Pivoting to address the changing face of crime
August 15, 2022 by Alistair Enser
Working closely and collaboratively with their end-user partners it is important that the Security Industry regularly reviews what it is that it is protecting. We work in a fast-paced, technologically-evolving world, resulting in a shift in the type and frequency of crimes committed. As risks change, we must pivot and adapt.
To that end, the latest crime statistics for England and Wales make interesting reading. For anyone keen to understand where risk lies for the general public like everything else, it would appear that the pandemic has affected crime. The latest numbers present a mixed case.
With little opportunity for opportunistic crime such as theft and robbery during lockdown, criminals turned to fraud and computer misuse, which is up 37%. While many types of crime are back at levels seen before lockdown, robbery has decreased by 20%, perhaps because working from home has become widespread?
Violent crime is up, however, with homicides up 25% and the number of knife crimes reported by the police is up 10%. The number of sexual offences rose by 32% to the highest annual figure recorded in England and Wales, at 194,683 offences. This includes the highest recorded annual number of rape offences (70,330 offences). Sombre reading.
That said, the Office of National Statistics warns that “caution is needed when interpreting these figures as they may reflect a number of factors including the impact of high-profile cases and campaigns on victims’ willingness to report incidents.”
Helping the police do their job
What is worrying though is that the prosecution rate has fallen at the same time. Just over five per cent of crimes result in someone being charged a year after they were reported.
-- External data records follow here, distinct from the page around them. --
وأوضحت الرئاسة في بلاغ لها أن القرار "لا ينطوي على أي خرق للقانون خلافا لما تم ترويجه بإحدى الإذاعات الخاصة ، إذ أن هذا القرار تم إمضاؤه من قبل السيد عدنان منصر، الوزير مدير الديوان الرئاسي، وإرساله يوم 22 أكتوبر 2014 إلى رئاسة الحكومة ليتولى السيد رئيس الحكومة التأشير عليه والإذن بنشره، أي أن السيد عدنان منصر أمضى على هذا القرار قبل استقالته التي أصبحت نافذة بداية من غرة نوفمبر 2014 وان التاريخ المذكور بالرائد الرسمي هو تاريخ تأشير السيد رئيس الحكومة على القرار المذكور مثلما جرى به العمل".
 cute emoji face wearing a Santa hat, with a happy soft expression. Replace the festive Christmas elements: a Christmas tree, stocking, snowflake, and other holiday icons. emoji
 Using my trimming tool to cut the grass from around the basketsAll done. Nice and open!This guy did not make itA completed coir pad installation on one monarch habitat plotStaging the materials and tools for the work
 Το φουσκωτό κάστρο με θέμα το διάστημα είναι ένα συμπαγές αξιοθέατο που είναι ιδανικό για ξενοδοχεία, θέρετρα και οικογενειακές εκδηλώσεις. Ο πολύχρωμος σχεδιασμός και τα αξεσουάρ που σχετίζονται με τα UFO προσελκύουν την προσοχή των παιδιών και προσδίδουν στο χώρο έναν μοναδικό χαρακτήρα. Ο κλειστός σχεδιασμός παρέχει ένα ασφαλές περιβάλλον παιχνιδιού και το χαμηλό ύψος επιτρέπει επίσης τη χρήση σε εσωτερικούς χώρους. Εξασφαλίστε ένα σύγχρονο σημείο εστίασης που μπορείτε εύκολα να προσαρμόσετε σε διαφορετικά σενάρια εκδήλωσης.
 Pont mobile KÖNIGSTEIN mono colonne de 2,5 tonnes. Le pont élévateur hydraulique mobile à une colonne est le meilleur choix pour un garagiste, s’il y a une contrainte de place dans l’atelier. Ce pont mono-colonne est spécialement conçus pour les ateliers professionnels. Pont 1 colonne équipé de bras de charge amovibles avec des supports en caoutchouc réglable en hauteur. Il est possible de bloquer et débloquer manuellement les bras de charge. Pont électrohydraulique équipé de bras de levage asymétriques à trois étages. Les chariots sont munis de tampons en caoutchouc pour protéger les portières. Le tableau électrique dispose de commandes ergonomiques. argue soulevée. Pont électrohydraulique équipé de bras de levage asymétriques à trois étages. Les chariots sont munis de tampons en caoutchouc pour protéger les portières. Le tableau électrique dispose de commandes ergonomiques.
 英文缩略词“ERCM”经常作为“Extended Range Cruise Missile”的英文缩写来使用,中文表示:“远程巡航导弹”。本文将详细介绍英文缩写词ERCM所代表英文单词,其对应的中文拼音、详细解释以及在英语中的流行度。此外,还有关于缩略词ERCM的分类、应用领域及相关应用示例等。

Indeed, while a record number of criminal offences were reported last year, according to the Office for National Statistics the rate of those being charged fell to a new low.
According to The Times, “The proportion of crimes resulting in a charge within a year fell to 5.6 per cent — down 7.1 per cent on the previous year and continuing a downward trend since 2015, when 15.5 per cent of crimes led to a suspect being charged within a year.” Over the past year, two million investigations were dropped as no suspect was identified, including more than 300,000 violent crimes and more than a million thefts.
For me, the important point for the Security Industry to take from this is how it can support the authorities to better collect, handle and share evidence. What can we do to simplify the processes and help reduce the impact and drain on valuable front line resources? How do we all achieve more with less?
At our recent Technology and Innovation Day, delegates heard about developments in digital evidence management, and how the integration of technologies can enable more efficient processing and review of mass data for evidence, and how this can then be packed and submitted in digital evidence packs while allowing for important factors such as redaction, compliance and respect to data protection and privacy.
We also saw how this same technology makes sharing video as part of formal requests equally simple – an increasing concern and huge resource issue for local authorities and organisations that capture video and who are required to share it under freedom of information requests.
Changing risks, but common challenges
At Reliance High-Tech we work across a range of sectors. We protect the public sector with control rooms that we design, install and manage. We work with the police and law enforcement agencies in providing digital evidence rooms and custody suites. We provide multi-site corporations and universities with integrated security stems that keep their people, property and assets safe, and we also work directly at the highest levels of government to keep critical parts of the UK’s national infrastructure safe and secure.
While a diverse group of bodies at first glance, all these groups have a challenge in common – namely, capturing and managing the large volumes of data their systems generate, making sense of that data and using it to deliver outcomes and value, not just security.
Whether that is protecting a company from insider threats, helping automate visitor management and occupancy, identifying a suspect from hours of video footage on a crowded station platform, or being automatically alerted to someone brandishing a knife through video analytics. All these groups are resource-limited – none more so than the police and our emergency workers – so it is our job as an industry to everyone do more with less.